Azure availability zones are at least three physically separate groups of datacenters within each Azure region. Datacenters within each zone are equipped with independent power, cooling, and networking infrastructure. In the case of a local zone failure, availability zones are designed so that if the one zone is affected, regional services, capacity, and high availability are supported by the remaining two zones.

Failures can range from software and hardware failures to events such as earthquakes, floods, and fires. Tolerance to failures is achieved with redundancy and logical isolation of Azure services. For more detailed information on availability zones in Azure, see Regions and availability zones.

Azure availability zones-enabled services are designed to provide the right level of reliability and flexibility. They can be configured in two ways. They can be either zone redundant, with automatic replication across zones, or zonal, with instances pinned to a specific zone. You can also combine these approaches. For more information on zonal vs. zone-redundant architecture, see Recommendations for using availability zones and regions.

The Azure Private 5G Core service is automatically deployed as zone-redundant in Azure regions that support availability zones, as listed in Availability zone service and regional support. If a region supports availability zones then all Azure Private 5G Core resources created in a region can be managed from any of the availability zones.
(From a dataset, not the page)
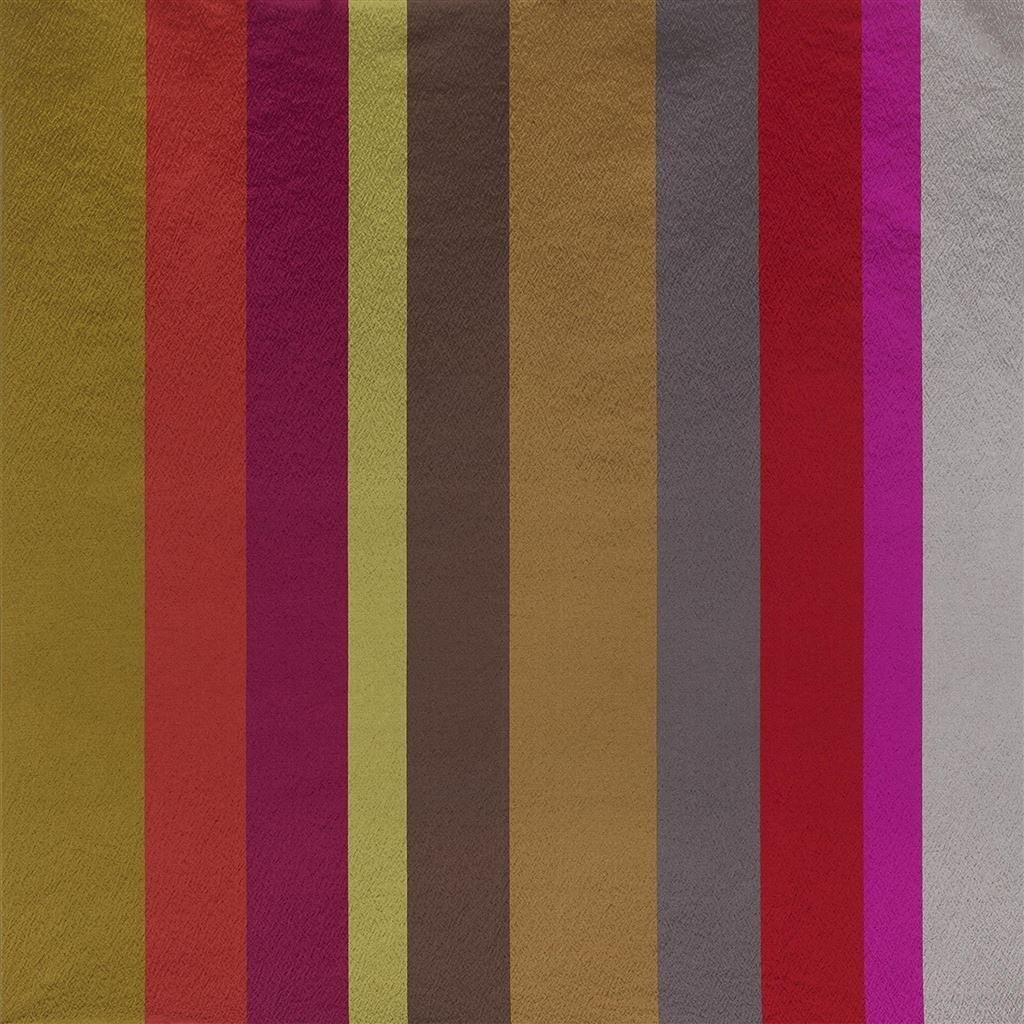 A wonderfully bold scale satin stripe in gorgeous tones of colour. With a subtly textured hammered finish and woven in a dense cotton blend, this divine fabric is available in a range of unique colourways.

No further work is required to configure or manage availability zones. Failover between availability zones is automatic.

Prerequisites

See Products available by region for the Azure regions where Azure Private 5G Core is available.

Zone down experience

In a zone-wide outage scenario, users should experience no impact because the service will move to take advantage of the healthy zone automatically. At the start of a zone-wide outage, you may see in-progress ARM requests time-out or fail. New requests will be directed to healthy nodes with zero impact on users and any failed operations should be retried. You'll still be able to create new resources and update, monitor and manage existing resources during the outage.
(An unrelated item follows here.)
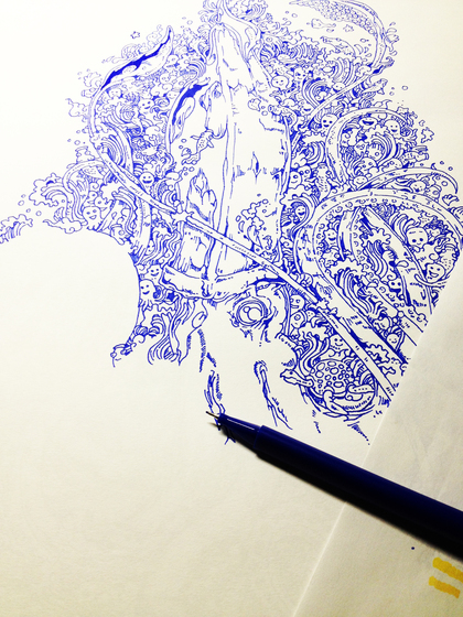 针管笔插画《阿瓦隆》

Safe deployment techniques

The application ensures that all cloud state is replicated between availability zones in the region so all management operations will continue without interruption. The packet core is running at the Edge and is unaffected by the zone failure, so will continue to provide service for users.

Cross-region disaster recovery and business continuity

Disaster recovery (DR) is about recovering from high-impact events, such as natural disasters or failed deployments that result in downtime and data loss. Regardless of the cause, the best remedy for a disaster is a well-defined and tested DR plan and an application design that actively supports DR. Before you begin to think about creating your disaster recovery plan, see Recommendations for designing a disaster recovery strategy.
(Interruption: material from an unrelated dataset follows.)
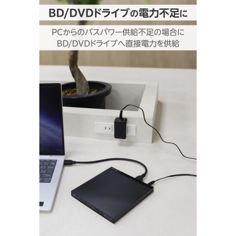 バスパワー駆動では使用できないパソコンでも、電力を補助することでポータブルDVDやブルーレイドライブ製品を使用可能にするACアダプターです。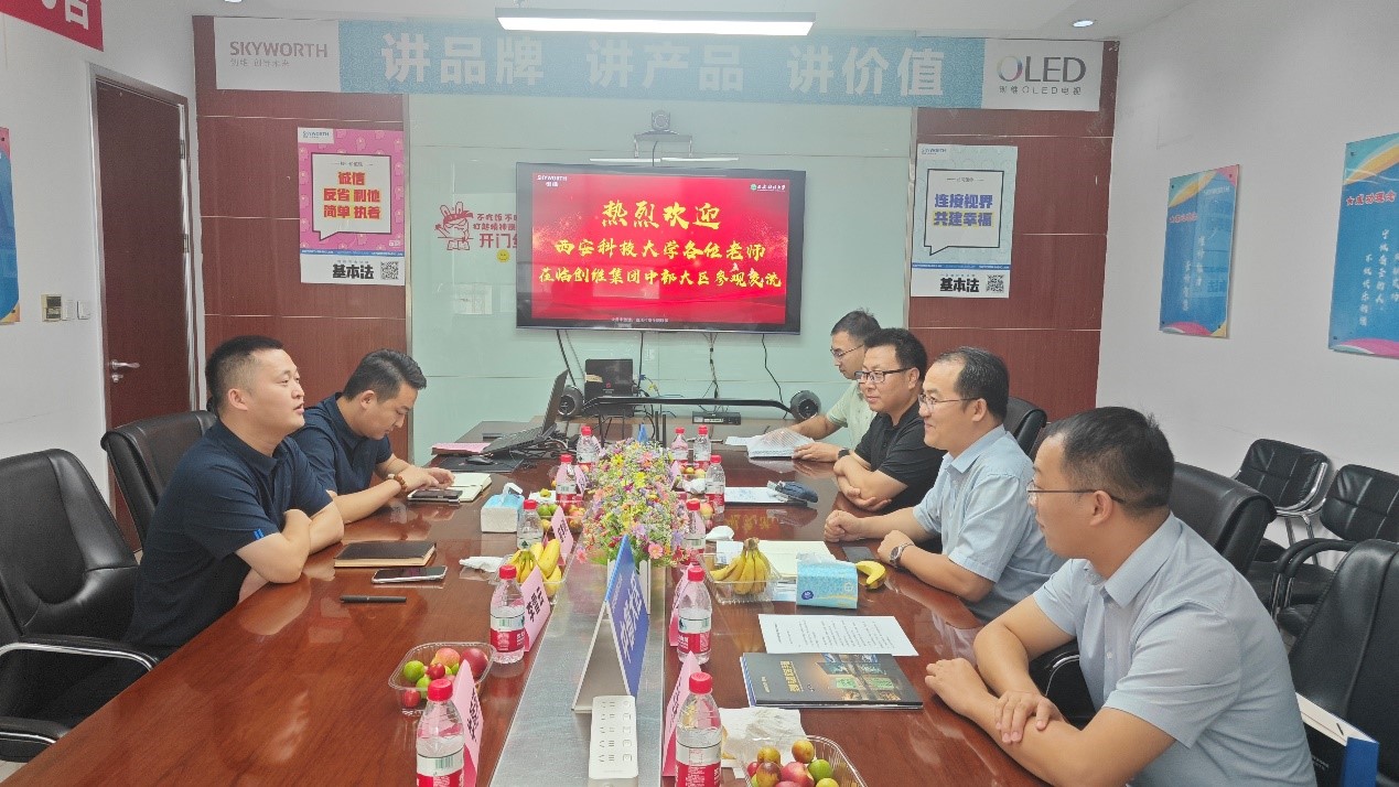 beat365官网2011级自动化专业校友、创维集团中部大区和陕西创维电子有限公司总经理寇孝刚对寇发荣一行来访表示欢迎,并参观了创维公司最新产品陈列展室,并与企业技术人员进行交流座谈。会上,寇孝刚详细介绍了创维集团的发展历程,以及在智能家电、智能系统技术、新能源、现代服务等业务板块的最新进展。张旭东介绍了学校历史沿革及近年来取得的主要成就。寇发荣介绍了beat365英国官网的基本情况和校企合作开展情况。

When it comes to DR, Microsoft uses the shared responsibility model. In a shared responsibility model, Microsoft ensures that the baseline infrastructure and platform services are available. At the same time, many Azure services don't automatically replicate data or fall back from a failed region to cross-replicate to another enabled region. For those services, you are responsible for setting up a disaster recovery plan that works for your workload. Most services that run on Azure platform as a service (PaaS) offerings provide features and guidance to support DR and you can use service-specific features to support fast recovery to help develop your DR plan.

Azure Private 5G Core is only available in multi-region (3+N) geographies. The service automatically replicates SIM credentials to a backup region in the same geography. This means that there's no loss of data in the event of region failure. Within four hours of the failure, all resources in the failed region are available to view through the Azure portal and ARM tools but will be read-only until the failed region is recovered. The packet core running at the Edge continues to operate without interruption and network connectivity will be maintained.

Microsoft is responsible for outage detection, notification and support for the Azure cloud aspects of the Azure Private 5G Core service.

Outage detection, notification, and management

Microsoft monitors the underlying resources providing the Azure Private 5G Core service in each region. If those resources start to show failures or health monitoring alerts that aren't restricted to a single availability zone then Microsoft will move the service to another supported region in the same geography. This is an Active-Active pattern. The service health for a particular region can be found on Azure Service Health (Azure Private 5G Core is listed in the Networking section). You'll be notified of any region failures through normal Azure communications channels.

The service automatically replicates SIM credentials owned by the service to the backup region using Cosmos DB multi-region writes, so there's no loss of data in the event of region failure.

Azure Private 5G Core resources deployed in the failed region will become read-only, but resources in all other regions will continue to operate unaffected. If you need to be able to write resources at all times, follow the instructions in Set up disaster recovery and outage detection to perform your own disaster recovery operation and set up the service in another region.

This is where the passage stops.